Beginning yoga practice at home in a Victorian cottage
My first downward dog lasted approximately six seconds before my arms started shaking and my cat decided to walk underneath me. Rachel Kim, SILK Life

I decided to start yoga on a Monday because that's when people start things, right? Fresh week, fresh intentions, fresh commitment to finally becoming the kind of person who does yoga. I'd been living in this Ravenswood cottage for three months, watching neighbors do their quiet morning practices through the wavy glass windows, thinking "I should try that."

So I cleared some space in my living room—pushed the coffee table against the wall, moved a stack of books, convinced myself I didn't need a proper yoga mat because I had an old woven rug that seemed mat-adjacent. I found a YouTube video titled "Beginner Yoga for Absolute Beginners" and hit play.

The instructor had that calm yoga voice, all smooth and reassuring. "Find your breath," she said. Okay. I can breathe. I've been breathing for twenty-nine years, I'm pretty good at it.

"Now let's move into downward-facing dog."

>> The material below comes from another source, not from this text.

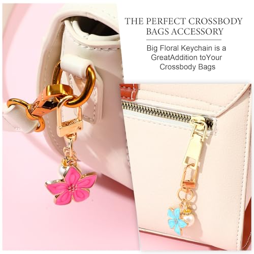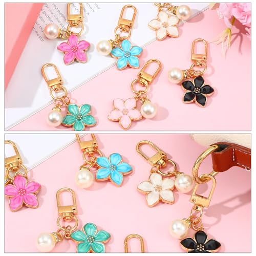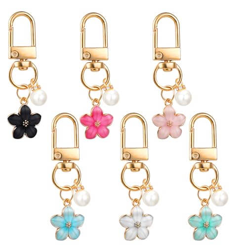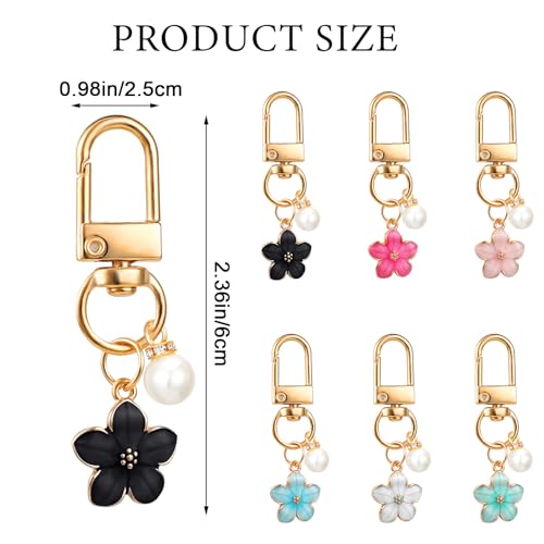 FdcLixuvol - Cute Flower Keychain for Women, 6 Pcs Aesthetic Keychains with Pearl Purse Charms Zipper Pull Charm Handbag Charms Bag Charm for Handbags Backpack Purse Accessories Car Keys Birthday Valentine Gifts

I tried. I really tried. Hands on the floor, feet back, hips up—in theory I understood the shape. In practice, I looked like a broken lawn chair. My hamstrings screamed. My shoulders had opinions. And then Miso, my cat, walked directly underneath me, tail up, completely unbothered by my struggle.

Attempting downward dog pose in a Victorian living room
The reality of downward dog: more "broken lawn chair" than graceful pose.
Turns out flexibility isn't something you just have. It's something you build. Slowly. While your cat judges you. —  Rachel Kim

I made it through fifteen minutes of that first video. Fifteen awkward, wobbly, occasionally painful minutes. I couldn't touch my toes. I fell out of tree pose three times. When the instructor said "listen to your body," my body said "what are you doing, we're not built for this."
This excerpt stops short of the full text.